Data excerpts
···

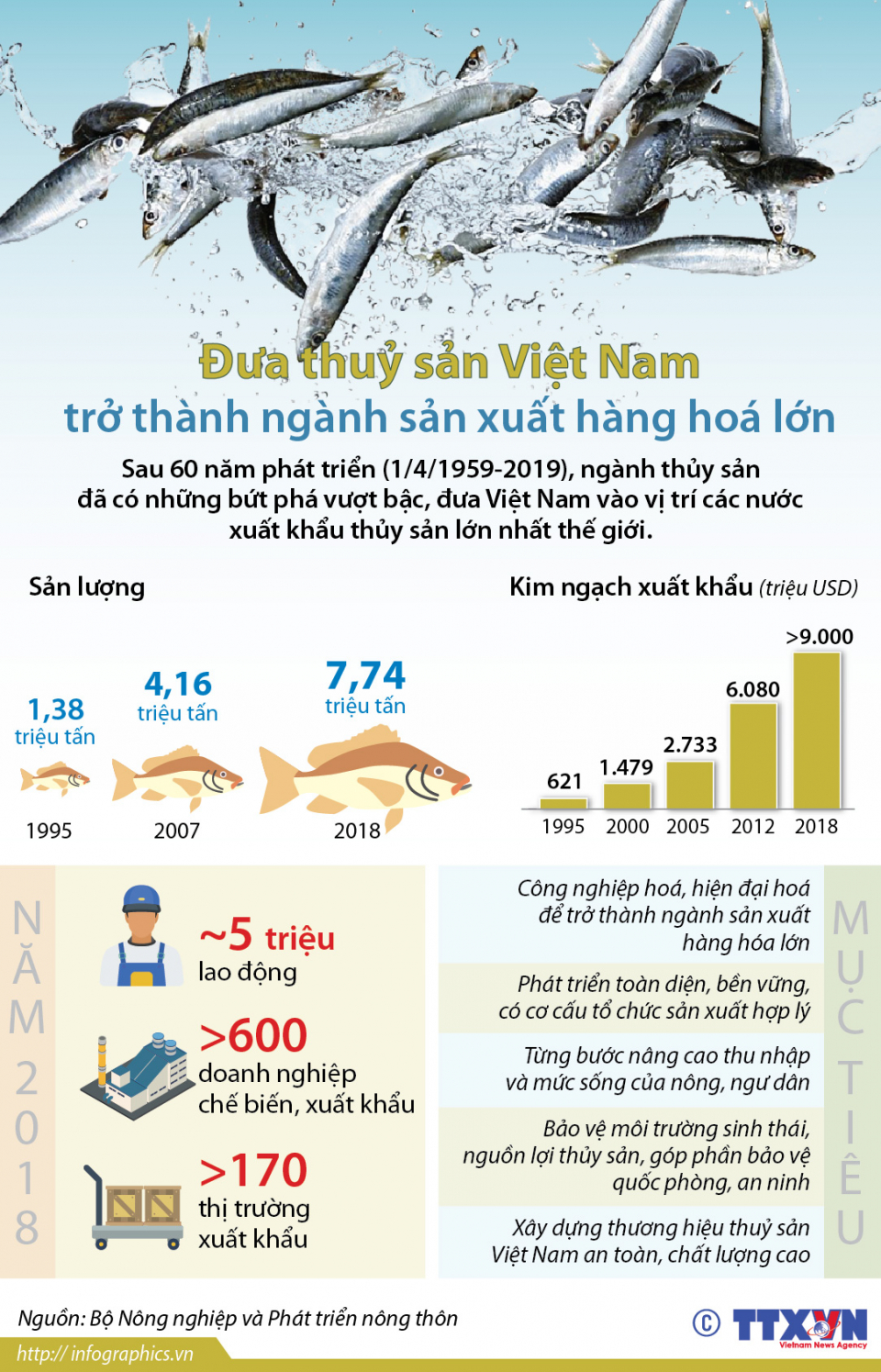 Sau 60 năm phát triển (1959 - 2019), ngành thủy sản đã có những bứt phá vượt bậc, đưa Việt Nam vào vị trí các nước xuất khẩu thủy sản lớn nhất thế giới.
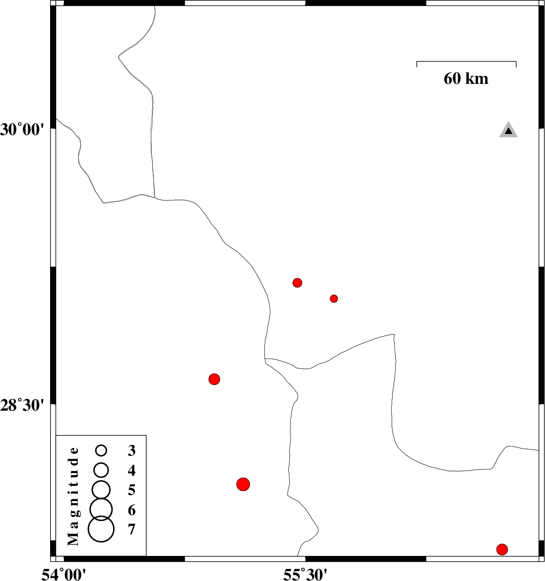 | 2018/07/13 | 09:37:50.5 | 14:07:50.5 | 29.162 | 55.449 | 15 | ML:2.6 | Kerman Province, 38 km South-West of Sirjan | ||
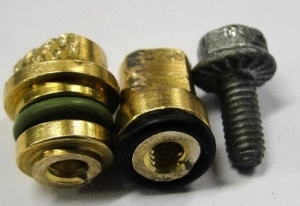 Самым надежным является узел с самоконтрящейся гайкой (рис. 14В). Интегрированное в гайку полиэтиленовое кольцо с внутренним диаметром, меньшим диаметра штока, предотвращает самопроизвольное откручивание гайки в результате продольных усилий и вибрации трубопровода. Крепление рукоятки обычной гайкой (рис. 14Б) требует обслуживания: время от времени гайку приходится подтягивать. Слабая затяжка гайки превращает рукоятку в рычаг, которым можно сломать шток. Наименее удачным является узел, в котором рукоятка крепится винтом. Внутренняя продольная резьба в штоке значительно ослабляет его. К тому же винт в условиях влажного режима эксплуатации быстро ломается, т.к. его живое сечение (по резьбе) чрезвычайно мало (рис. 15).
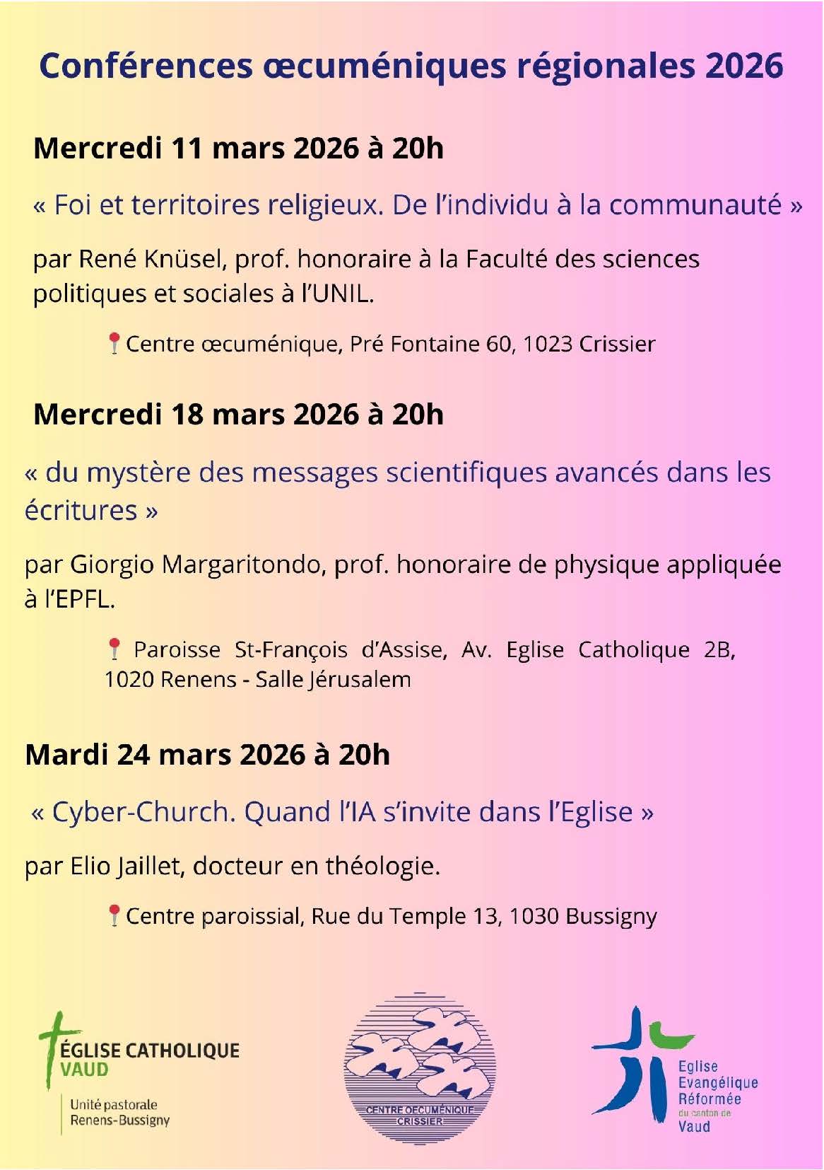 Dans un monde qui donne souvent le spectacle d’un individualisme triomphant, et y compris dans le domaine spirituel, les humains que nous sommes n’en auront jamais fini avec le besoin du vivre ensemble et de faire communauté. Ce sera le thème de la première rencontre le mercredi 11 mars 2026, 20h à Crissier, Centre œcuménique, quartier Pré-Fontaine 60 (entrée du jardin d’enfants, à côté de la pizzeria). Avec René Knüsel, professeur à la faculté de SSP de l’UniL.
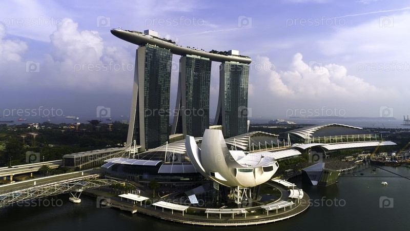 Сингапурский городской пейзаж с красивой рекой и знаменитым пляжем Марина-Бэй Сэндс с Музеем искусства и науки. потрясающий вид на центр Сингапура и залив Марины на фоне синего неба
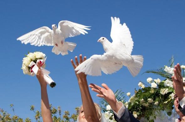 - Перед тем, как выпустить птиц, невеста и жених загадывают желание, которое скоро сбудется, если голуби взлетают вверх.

···

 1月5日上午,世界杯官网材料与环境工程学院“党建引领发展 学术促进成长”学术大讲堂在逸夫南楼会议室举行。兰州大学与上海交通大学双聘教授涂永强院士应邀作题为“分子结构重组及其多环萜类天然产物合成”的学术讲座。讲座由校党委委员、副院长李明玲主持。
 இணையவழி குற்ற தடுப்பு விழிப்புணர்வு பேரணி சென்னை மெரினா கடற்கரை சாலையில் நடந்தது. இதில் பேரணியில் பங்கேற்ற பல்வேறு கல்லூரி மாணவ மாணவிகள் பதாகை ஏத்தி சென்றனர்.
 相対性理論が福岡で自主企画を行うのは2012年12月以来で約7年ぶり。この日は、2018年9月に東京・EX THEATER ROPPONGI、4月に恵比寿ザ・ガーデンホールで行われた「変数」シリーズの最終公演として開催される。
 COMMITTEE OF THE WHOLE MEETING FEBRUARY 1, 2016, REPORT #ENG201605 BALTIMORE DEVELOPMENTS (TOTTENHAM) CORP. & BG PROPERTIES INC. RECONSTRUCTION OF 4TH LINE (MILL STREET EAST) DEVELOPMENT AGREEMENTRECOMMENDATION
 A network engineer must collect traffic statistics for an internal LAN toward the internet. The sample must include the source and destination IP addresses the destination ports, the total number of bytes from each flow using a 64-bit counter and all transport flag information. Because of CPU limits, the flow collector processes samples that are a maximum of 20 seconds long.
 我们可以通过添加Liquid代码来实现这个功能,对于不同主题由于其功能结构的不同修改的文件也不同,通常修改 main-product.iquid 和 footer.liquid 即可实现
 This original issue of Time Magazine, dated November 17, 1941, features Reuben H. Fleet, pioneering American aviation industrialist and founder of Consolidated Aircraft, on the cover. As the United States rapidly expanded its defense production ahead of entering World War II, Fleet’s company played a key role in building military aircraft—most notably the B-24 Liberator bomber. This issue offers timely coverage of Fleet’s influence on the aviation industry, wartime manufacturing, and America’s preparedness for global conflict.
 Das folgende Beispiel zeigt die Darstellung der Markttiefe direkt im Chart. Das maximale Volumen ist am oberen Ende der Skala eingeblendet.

···

:: What to do ::
Above are some records; extract exactly the lines from the one containing "Сингапурский городской пейзаж" through the one containing "- Перед тем, как" and drop the pictures.

:: Solution to this problem ::
 Сингапурский городской пейзаж с красивой рекой и знаменитым пляжем Марина-Бэй Сэндс с Музеем искусства и науки. потрясающий вид на центр Сингапура и залив Марины на фоне синего неба
 - Перед тем, как выпустить птиц, невеста и жених загадывают желание, которое скоро сбудется, если голуби взлетают вверх.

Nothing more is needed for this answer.